Вовка остался у столба с круглыми часами, а я подбежал к ней и прямо с ходу, не отдышавшись, выпалил:

— Здравствуйте, Ирина Федоровна! Пожалуйста, не уезжайте!

Она вздрогнула, обернулась… И вдруг я увидел в ее глазах досаду и разочарование. Нет! Она ждала явно не меня.

— Ты?.. — изумленно проговорила Сергеева. — Пришел сюда ночью? Откуда ты узнал? Ведь я ото всех скрывала день своего отъезда…

Я не знал, как Рыжик разведал эту тайну. Но я тут же нашелся и затараторил, потому что до отхода поезда оставалось совсем мало времени:

— Вовка уж какой день дежурит здесь, на станции, чтобы не пропустить вас! Он уж какую ночь не спит! «Если, — говорит, — она уедет, я тоже отсюда уеду. И отец останется совсем один!»

— А сегодня что же, он решил отоспаться и… прислал тебя?

— Нет!.. Он во-он там, возле часов, видите?

Она повернула голову по направлению моей руки. Рыжик тут же спрятался за столб, хотя его прекрасно было видно.

— Нет! Он не сможет сыграть Тома Сойера, — с грустной улыбкой сказала Ирина Федоровна. — Тот был смелее!

— Вы обязательно должны остаться! — продолжал я, не обращая внимания на ее слова. — А то ведь вы погубите целую семью! И Владимир Николаевич сегодня плакал…

— Что ты сказал? Это неправда… Откуда тебе известно?
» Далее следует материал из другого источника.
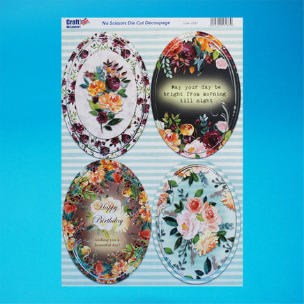 3D - Die Cut - A4 sheet with traditional with traditional full colour floral images set in oval borders, including ‘Birthday’ sentiments and silver foiled decorative highlights.
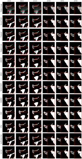 It can be known from Figure 6 that our proposed approach realized the best segmentation results compared with mathematical model-based segmentation methods and other U-net architectures. The ARKFCM method failed to segment the low contrast detail in the basin and the exhaust edge of both hollow turbine blades. In addition, small film cooling holes in the leading edges were also not segmented. For the DRLSE method, the target pixels on the edge of the hollow turbine blade are more likely to be mistakenly identified as the background, resulting in a certain dilation of the entire target object compared to the ground truth. Compared with the DRLSE method, the object dilation caused by this mis-segmentation is more obvious in the CMF method. Excessive dilation can cause severe deformation of the target, affecting the accuracy of subsequent measurements and registrations of the workpiece. Furthermore, the CMF method also failed in segmenting details in the blade basin and exhaust edge, as well as small film cooling holes scattered in the blade’s leading edge. The segmentation results of the EM/MPM and the MAXENTROPY methods were also ineffective, i.e., dilated edges, lack of details in low-contrast blade basin, and not segmented film cooling holes all appeared in both hollow turbine blades. For the Otsu method, the main issue was that the accuracy was not high, i.e., the edge details and film cooling holes were not successfully identified.
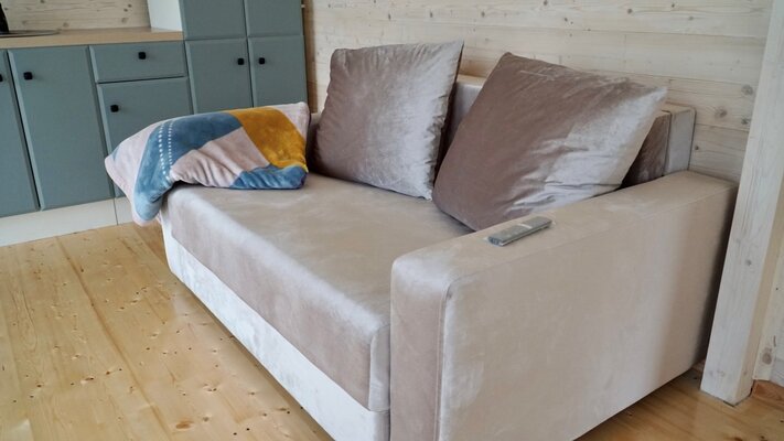 У каждого дома просторный двор на 6 автомобильных мест, есть мангальная зона на 25 человек, а также открытая веранда. На втором этаже дома расположены две спальни: в одной — двуспальная кровать с ортопедическим матрасом, а в другой - две односпальные кровати. На первом этаже есть раскладной диван.

— Рыжик мне сам рассказал! Вот какое хотите слово дам, что он плакал! Хотите, я позову Рыжика?.. И он тоже даст слово!:

— Нет уж! Пусть прячется за столбом…

В этот момент раздался удар колокола: осталось всего пять минут. Я уцепился за чемодан Жаннетты и все время повторял одно и то же:

— Вы не должны уезжать! Вы не должны уезжать!

Она вдруг взяла меня обеими руками за голову и, пристально-пристально глядя мне в глаза, спросила:

— Рыжик хочет, чтобы я вернулась?

— Очень… Очень хочет!

— Честное слово?

— Самое честное!

— Тогда скажи ему, что я вернусь…

— Честное слово?

Она улыбнулась и, передразнивая меня, ответила:

— Самое честное!

Тогда я потащил к вагону ее чемодан, и мне было очень легко его тащить, хотя он был большой и она все время пыталась тоже уцепиться за ручку, чтобы помочь мне, но я не давал.
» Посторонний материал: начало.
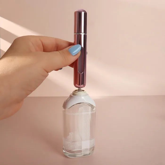 Атомайзер для парфюма поможет носить любимый аромат с собой. Чтобы перелить духи, cнимите распылитель с флакона, наденьте атомайзер и несколько раз надавите, пока ёмкость не наполнится. Аксессуар надёжно сохранит ваш парфюм от вытекания.
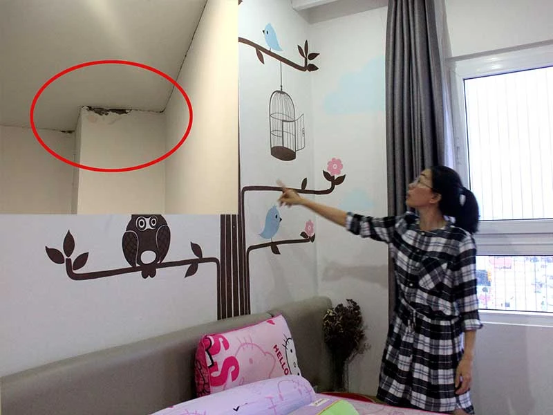 Theo bà Thy, từ lúc nhận nhà bà đã phát hiện các vết rạn tại khu vực tiếp giáp giữa tường và trần nhà. Thời gian gần đây, những vết nứt này ngày càng lớn. “Phía trên tầng 17 là sân thượng mà đã nứt như vậy thì ai dám đảm bảo khi xây xong tầng 18, gánh thêm hàng tấn bê tông nữa thì chất lượng, tuổi thọ căn hộ của tôi sẽ xuống cấp ra sao?”.
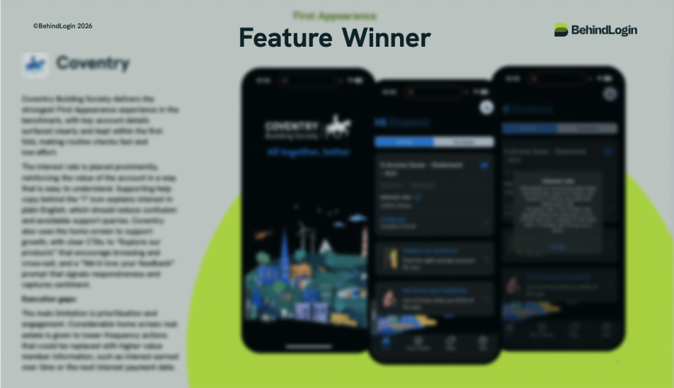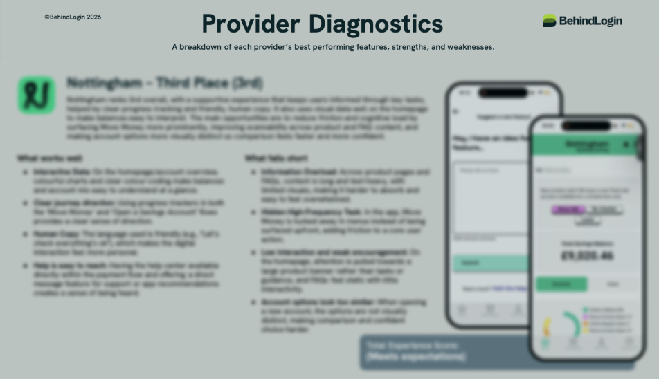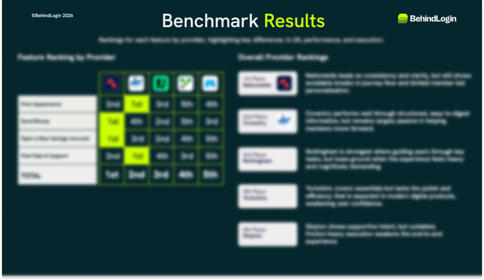 Winners have been identified for each feature. However, overall findings show that Building Society apps are operationally adequate but strategically underpowered. Within the BehindLogin benchmark, most providers support basic task completion, but few deliver the kind of experience that builds confidence, drives action and enables self-serve. The report illustrates a serious opportunity to modernise savings and mortgage experiences, remove friction, and properly integrate the member-led, human-support advantage into digital journeys.
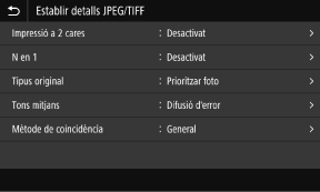 Utilitzeu aquesta pantalla per configurar les opcions d'impressió detallades per als fitxers JPEG i TIFF, com ara ajustar la qualitat de la imatge.
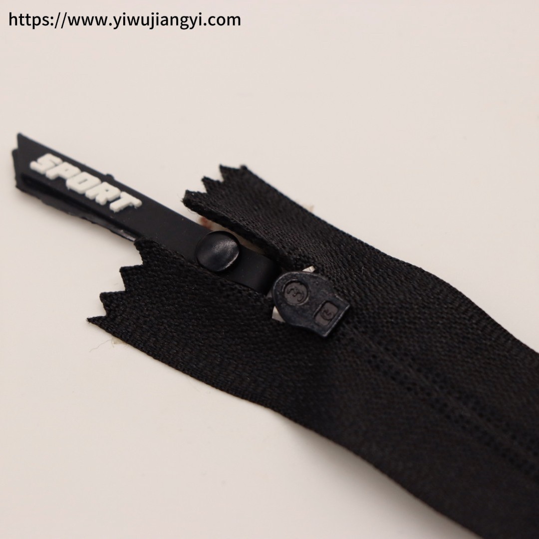 This "SPORT" Black Sporty Zipper features a black tape with a black slider printed with the "SPORT" logo, making it simple and sporty in design. The zipper is smooth and durable, suitable for the design and production of sportswear (e.g., sports jackets, sports pants), outdoor equipment, and other products, adding a sporty style and practicality to the products, helping to enhance their functionality and brand recognition.

А потом поезд загудел и тронулся. Жаннетта стояла у окна и махала мне рукой. У нее, мне казалось, было уже совсем не то настроение, что в начале нашего разговора. Я побежал за вагонами и почему-то решил на прощание крикнуть:

— Он плакал! Рыжик сам видел…

— Спасибо! — крикнула она мне в ответ. — Я вернусь… Самое честное!
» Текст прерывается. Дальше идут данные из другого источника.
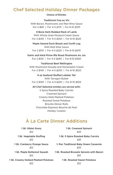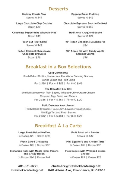 Appetizers, charcuterie, dinner packages, sides, and dessert for Christmas and New Year’s Eve, and breakfast for Christmas and New Year’s mornings.
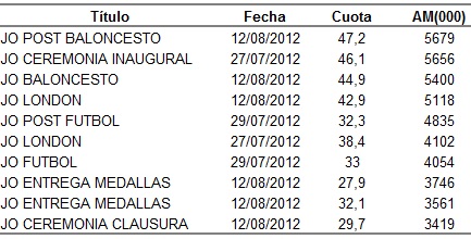 LAS DIEZ EMISIONES MÁS VISTAS DE LOS JJOO DE LONDRES 2012
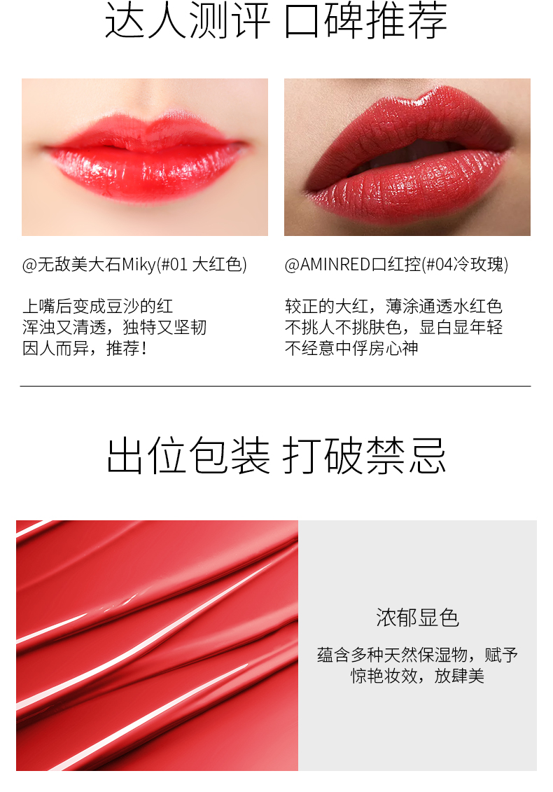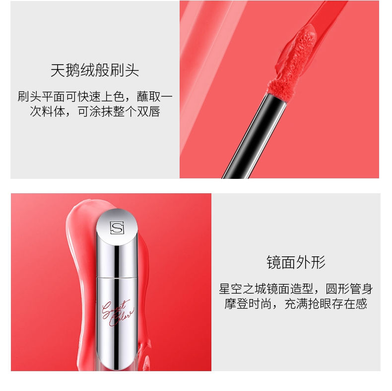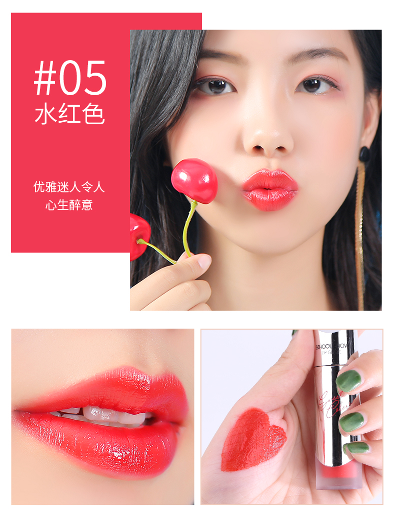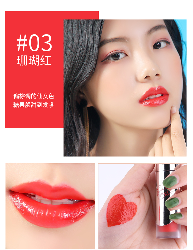 【韩国INS推荐】丝绒质地,上嘴滋润不拔干,水润无黏腻感~绒面弧度刷头,贴合人体唇部曲线,上色均匀,饱和度高。多种用途:除了当做唇釉以外,还可以用作脸部腮红,更显气质。

Когда я подошел к столбу с часами, Рыжик, глядя в землю, тихо сказал:

— Я так и думал, что ничего не получится. Уехала… Как же я теперь пойду домой?

Сперва, направляясь к столбу, я хотел разыграть Вовку и сказать, что у меня и в самом деле ничего не вышло. Но теперь я не смог. И я сказал правду:

— Не волнуйся! Она вернется… Обязательно вернется… Она мне честное слово дала. Самое честное!..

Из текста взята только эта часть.